Indeed U.S. security agencies are rehashing their recruiting efforts to attract better equipped candidates for the needs identified to mitigate transnational threats. Since 2001 the focus was—and still is in great measure—on the need to grow the ranks of arabic and south Asian language speakers, today the need is placed on Spanish speakers, particularly. Surprisingly, the pool of fully bilingual English/Spanish educated candidates would be vast, but this is not so clear, as many educated Latinos are second, third and even fourth generation immigrants, having lost at times the most important bond to Latino heritage—the Spanish language—to an extent that renders their presumed multiculturalism insufficient for national security purposes unless educated in institutions of higher learning. On the other hand, since crime penetrates, blends, and mutates with cultural mores—irrespective of national origin—this claim may be disputed.
State & Non-State Criminals & the need for a Comprehensive U.S. Hemispheric Security Strategy
The rise of Hugo Chavez to the presidency in Venezuela in 1998 marked the ante in U.S. bilateral relations with some Latin American countries. Twelve years after, some critics’ suspicions on the flamboyant leader have come to the fore revealing Venezuela’s connections with international pariahs, including non-state criminals. A verbal tug-of-war with Colombia led to a brief break in bilateral relations. Notwithstanding, the government of Colombia was able to prove through its military intelligence successes that Chavez finances and harbors in Venezuelan territory, camps and members of the Revolutionary Armed Forces of Colombia (FARC). Colombian military intelligence purportedly revealed similar evidence regarding Ecuadorean President Rafael Correa. In March of 2010 Chavez suffered another hard accusation coming from Spanish investigative judge Eloy Velasco on account of harboring Eskadi ta Askatasuna (ETA) terrorist Arturo Cubillas and facilitating ETA-FARC ties; Cubillas was purportedly on government payroll performing special services. U.S. SouthCom chief Gen. Douglas Fraser verified “financial and logistical ties between the two groups were longstanding,” as Dept. of State Assistant Secretary for Hemispheric Affairs raised concerns over the allegations as did the government of Sweden.[9]

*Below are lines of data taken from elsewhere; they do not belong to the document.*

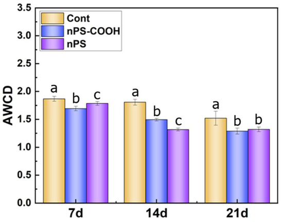 Liu, Y.; Li, W.; Tao, C.; Zhao, J.; Zhang, H.; Miao, L.; Pang, Y.; Hou, J. Distinct Responses of Biofilm Carbon Metabolism to Nanoplastics with Different Surface Modifications. Int. J. Environ. Res. Public Health 2022, 19, 9148. https://doi.org/10.3390/ijerph19159148
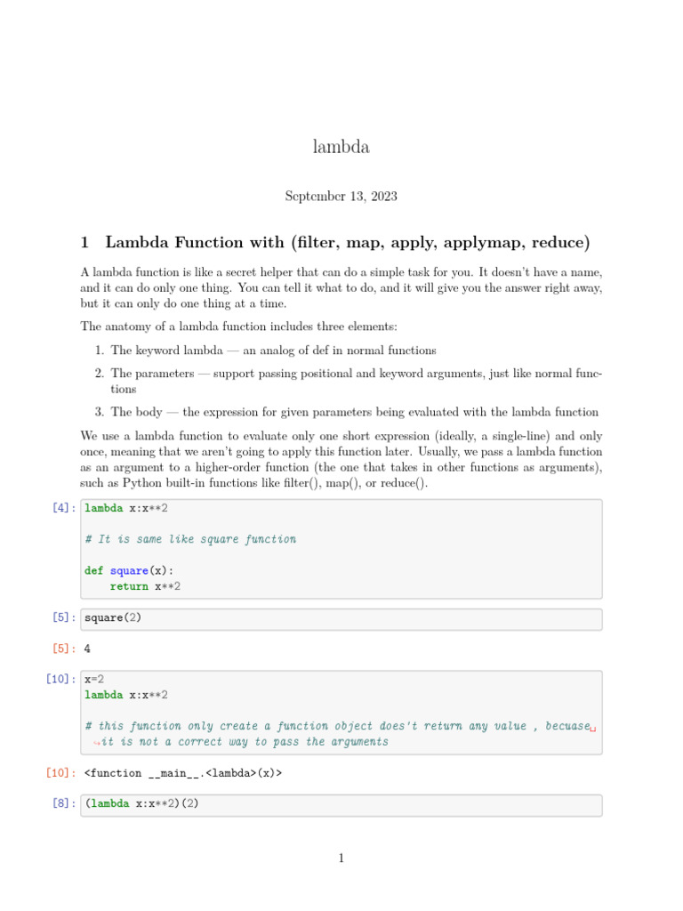 1. The keyword lambda — an analog of def in normal functions
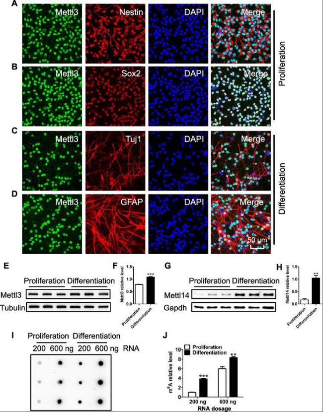 (A-D)神經(jīng)干細胞增殖和分化中mettl3表達動態(tài)的免疫熒光觀察
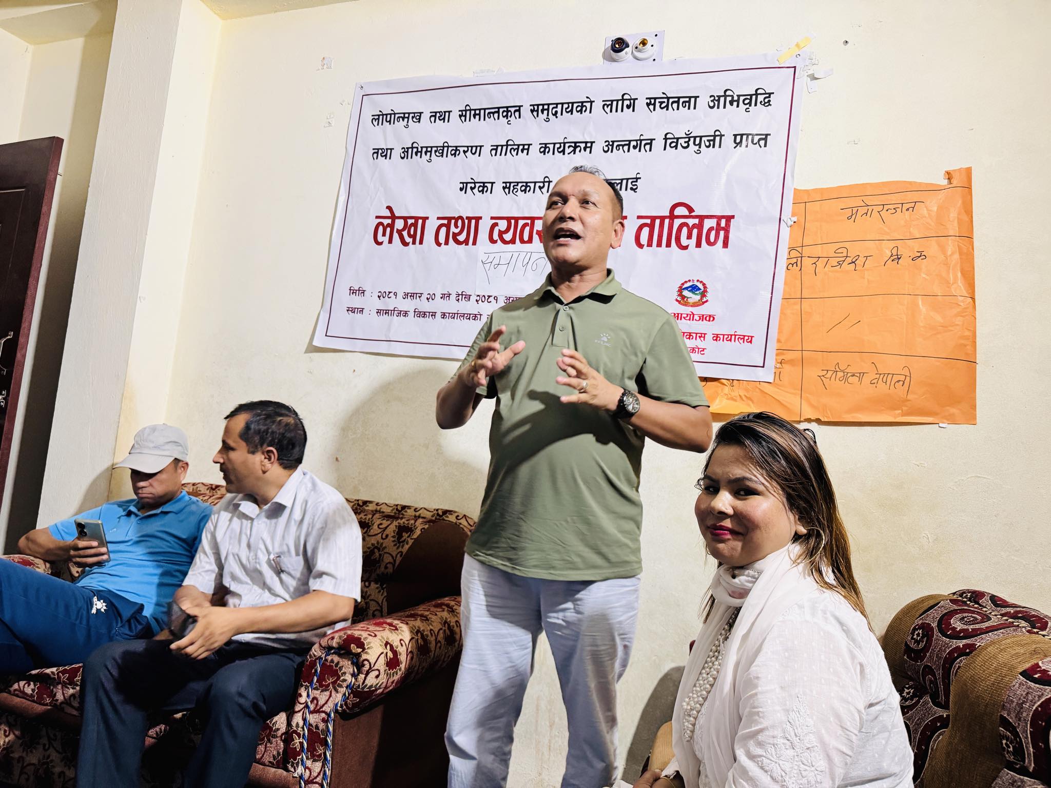 जाजरकोट । जिल्लाका विपन्न तथा सिमान्तकृत समुदाय संलग्न सहकारीहरुलाई लेखा तथा व्यवस्थापन तालिम दिइएको छ । सामाजिक विकास कार्यालयको लोपोन्मुख तथा सीमान्तकृत समुदायको लागि सचेतना अभिबृद्धि तथा अभिमूखिकरण तालिम कार्यक्रम अन्तरगत भिभिन्न १२ वटा सहकारीका अध्यक्ष, सचिव र कोषाध्यक्षहरुलाई ३ दिने लेखा तथा व्यवस्थापन तालिम दिइएको हो ।

Recently, Walid Makleb, a drug lord captured by Colombian authorities, revealed Gen. Henry Rangel Silva, a high-ranking General in Venezuela’s armed forces (FAV) possesses links to the FARC. Makleb’s material information and rvelations converge with Gen. Rangel Silva’s blistering public rejection for any democratically elected government in Venezuela other than that of Hugo Chavez. Indeed the infomation has sent schockwaves across Latin America, but the information is not new. In fact, the U.S. Dept. of the Treasury’s Office of Foreign Assets Control (OFAC) had listed Gen. Rangel Silva and other Venezuelan government officials for “materially assisting the narcotics trafficking activities of the … [FARC], a narco-terrorist organization.”[10] Clearly, Venezuela has been identified as a focal point for the projection of transnational criminal activities, not only across the southern cone, but also across Central America. Its recent agreemens with Iran and Russia in the development of nuclear plants have raised many eyebrows in Washington, D.C..
Moreover, regional cohesion became risk prone following the forced eviction of president Zelaya by the Honduran military as ordered by this country’s Supreme Court. The removal of Zelaya was politicized by other regional leaders seeking to tailor legilative processes in their own coutries in order to perpetuate in power (i.e., Daniel Ortega in Nicaragua, Evo Morales in Bolivia, or Rafel Correa in Ecuador), though admittedly Honduras may have opted for a different set of protocols in such approach. The course of action also caused a crisi at the Organization of American States (OAS), which has also been accused of not reaching a consensus for enhanced hemispheric security cooperation.
According to Steven Metz, “[o]ne of the dominant characteristics of the contemporary global security environment is that it continues to give nation states responsibility for systemic maintenance and stability at the very time that they are increasingly incapable of providing acceptable levels of security, prosperity, and political identity. A variety of sub- and supra-state organizations are filling the vacuum.”[11]
Transnational criminal activities fueled by infinate financial resources afforded by drug revenues allow DTOs to go nearly unchallenged. The current U.S. National Security Strategy indicates that: “Combating transnational criminal and trafficking networks requires a multidimensional strategy that safeguards citizens, breaks the financial strength of criminal and terrorist networks, disrupts illicit trafficking networks, defeats transnational criminal organizations, fights government corruption, strengthens the rule of law, bolsters judicial systems, and improves transparency.”[12] These are major challenges but the U.S. has not been successful thus far in devising and executing a collective strategy with other nations facing the same threats. In fact, while the U.S. supports the Central American Integration System (SICA), many bilateral agreements have been reached with Colombia, Mexico and Peru, for example, but only with a limited dimension.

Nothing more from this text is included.